[Start of section]

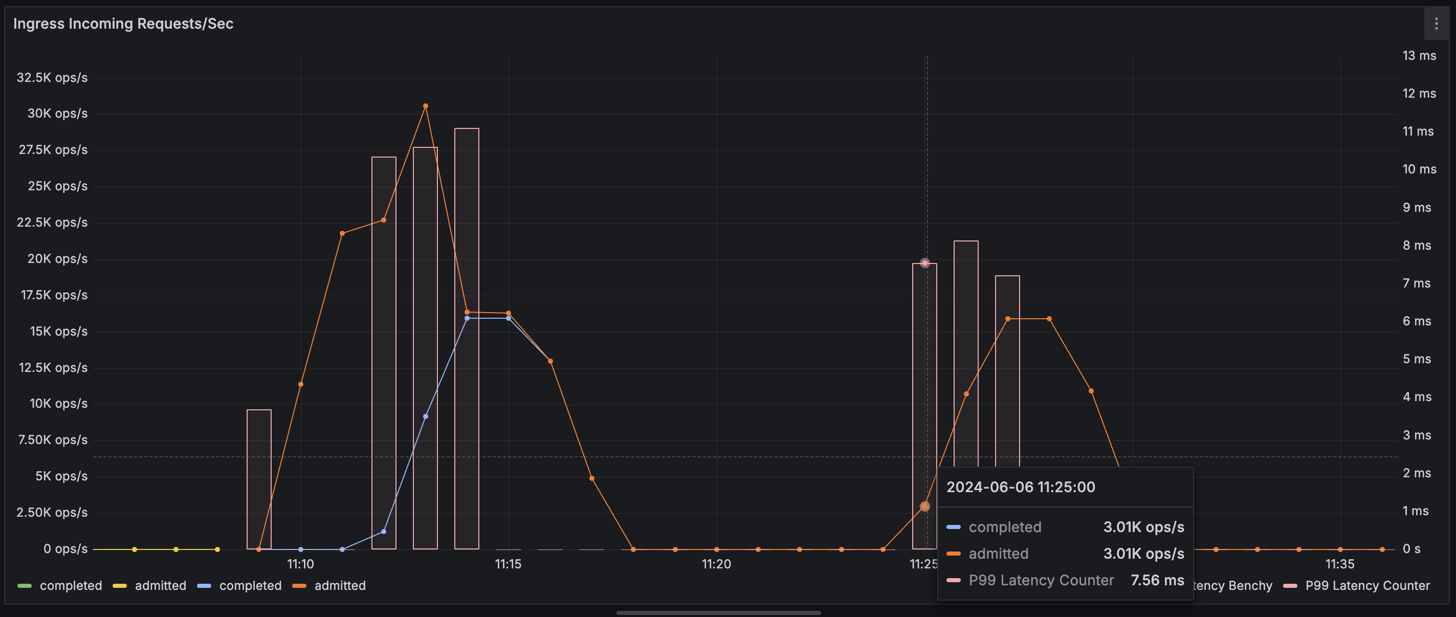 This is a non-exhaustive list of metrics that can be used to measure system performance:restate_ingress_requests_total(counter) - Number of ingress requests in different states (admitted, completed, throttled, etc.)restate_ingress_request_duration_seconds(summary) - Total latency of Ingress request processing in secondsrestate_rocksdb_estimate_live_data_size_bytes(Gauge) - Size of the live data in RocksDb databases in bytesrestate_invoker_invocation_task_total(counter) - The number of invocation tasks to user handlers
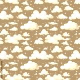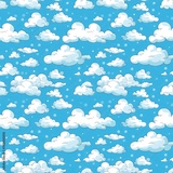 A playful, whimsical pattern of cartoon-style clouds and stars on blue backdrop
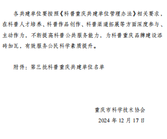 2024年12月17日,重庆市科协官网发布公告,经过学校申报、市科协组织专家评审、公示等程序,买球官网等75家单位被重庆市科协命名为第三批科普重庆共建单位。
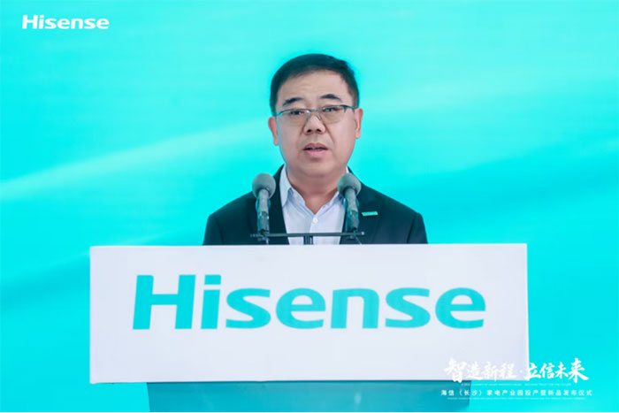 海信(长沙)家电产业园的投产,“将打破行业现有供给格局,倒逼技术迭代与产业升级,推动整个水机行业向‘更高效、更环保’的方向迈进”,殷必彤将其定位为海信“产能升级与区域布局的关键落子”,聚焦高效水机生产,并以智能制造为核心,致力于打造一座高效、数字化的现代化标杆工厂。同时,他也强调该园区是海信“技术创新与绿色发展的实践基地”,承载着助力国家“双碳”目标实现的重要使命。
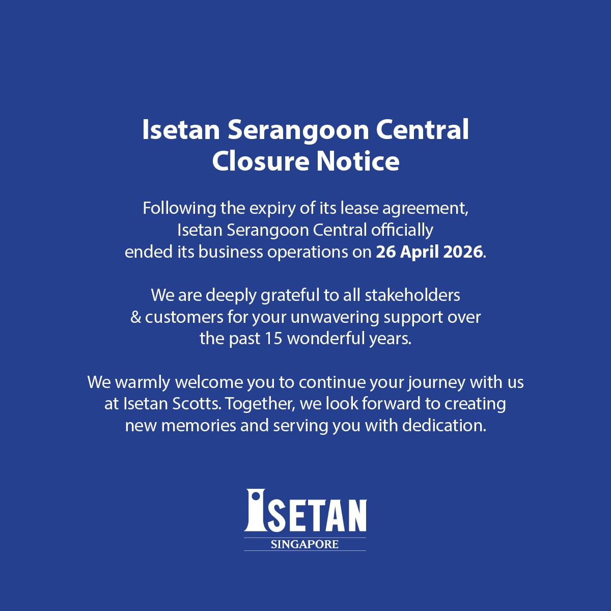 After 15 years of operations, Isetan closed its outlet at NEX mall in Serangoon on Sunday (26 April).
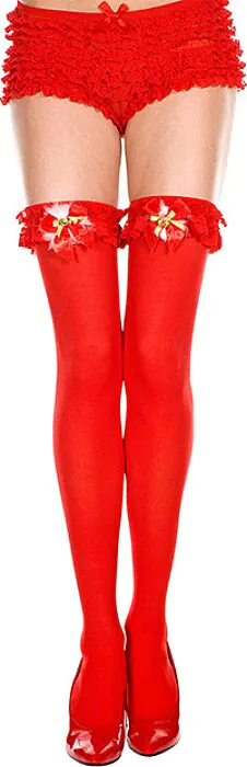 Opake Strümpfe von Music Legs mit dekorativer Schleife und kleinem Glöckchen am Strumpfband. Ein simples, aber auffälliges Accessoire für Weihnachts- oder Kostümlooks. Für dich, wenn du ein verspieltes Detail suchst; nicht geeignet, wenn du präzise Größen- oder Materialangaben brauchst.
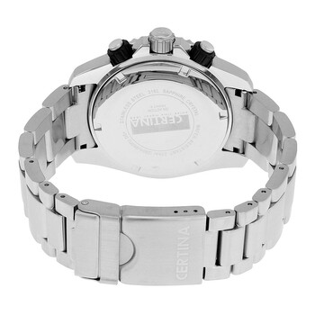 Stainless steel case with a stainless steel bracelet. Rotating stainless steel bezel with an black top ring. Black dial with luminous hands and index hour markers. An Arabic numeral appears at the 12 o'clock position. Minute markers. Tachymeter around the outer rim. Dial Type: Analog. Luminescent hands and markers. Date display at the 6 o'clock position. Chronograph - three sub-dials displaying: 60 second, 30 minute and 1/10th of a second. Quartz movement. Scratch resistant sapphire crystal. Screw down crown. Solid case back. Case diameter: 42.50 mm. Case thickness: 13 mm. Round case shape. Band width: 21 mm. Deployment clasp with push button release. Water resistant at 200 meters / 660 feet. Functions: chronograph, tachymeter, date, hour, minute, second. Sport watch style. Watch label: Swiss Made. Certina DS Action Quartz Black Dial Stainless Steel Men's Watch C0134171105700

[End of section]

• **Problem details**
Your copy should match the records above exactly, except that it contains no pictures.

• **Task answer**
 This is a non-exhaustive list of metrics that can be used to measure system performance:restate_ingress_requests_total(counter) - Number of ingress requests in different states (admitted, completed, throttled, etc.)restate_ingress_request_duration_seconds(summary) - Total latency of Ingress request processing in secondsrestate_rocksdb_estimate_live_data_size_bytes(Gauge) - Size of the live data in RocksDb databases in bytesrestate_invoker_invocation_task_total(counter) - The number of invocation tasks to user handlers
 A playful, whimsical pattern of cartoon-style clouds and stars on blue backdrop
 2024年12月17日,重庆市科协官网发布公告,经过学校申报、市科协组织专家评审、公示等程序,买球官网等75家单位被重庆市科协命名为第三批科普重庆共建单位。
 海信(长沙)家电产业园的投产,“将打破行业现有供给格局,倒逼技术迭代与产业升级,推动整个水机行业向‘更高效、更环保’的方向迈进”,殷必彤将其定位为海信“产能升级与区域布局的关键落子”,聚焦高效水机生产,并以智能制造为核心,致力于打造一座高效、数字化的现代化标杆工厂。同时,他也强调该园区是海信“技术创新与绿色发展的实践基地”,承载着助力国家“双碳”目标实现的重要使命。
 After 15 years of operations, Isetan closed its outlet at NEX mall in Serangoon on Sunday (26 April).
 Opake Strümpfe von Music Legs mit dekorativer Schleife und kleinem Glöckchen am Strumpfband. Ein simples, aber auffälliges Accessoire für Weihnachts- oder Kostümlooks. Für dich, wenn du ein verspieltes Detail suchst; nicht geeignet, wenn du präzise Größen- oder Materialangaben brauchst.
 Stainless steel case with a stainless steel bracelet. Rotating stainless steel bezel with an black top ring. Black dial with luminous hands and index hour markers. An Arabic numeral appears at the 12 o'clock position. Minute markers. Tachymeter around the outer rim. Dial Type: Analog. Luminescent hands and markers. Date display at the 6 o'clock position. Chronograph - three sub-dials displaying: 60 second, 30 minute and 1/10th of a second. Quartz movement. Scratch resistant sapphire crystal. Screw down crown. Solid case back. Case diameter: 42.50 mm. Case thickness: 13 mm. Round case shape. Band width: 21 mm. Deployment clasp with push button release. Water resistant at 200 meters / 660 feet. Functions: chronograph, tachymeter, date, hour, minute, second. Sport watch style. Watch label: Swiss Made. Certina DS Action Quartz Black Dial Stainless Steel Men's Watch C0134171105700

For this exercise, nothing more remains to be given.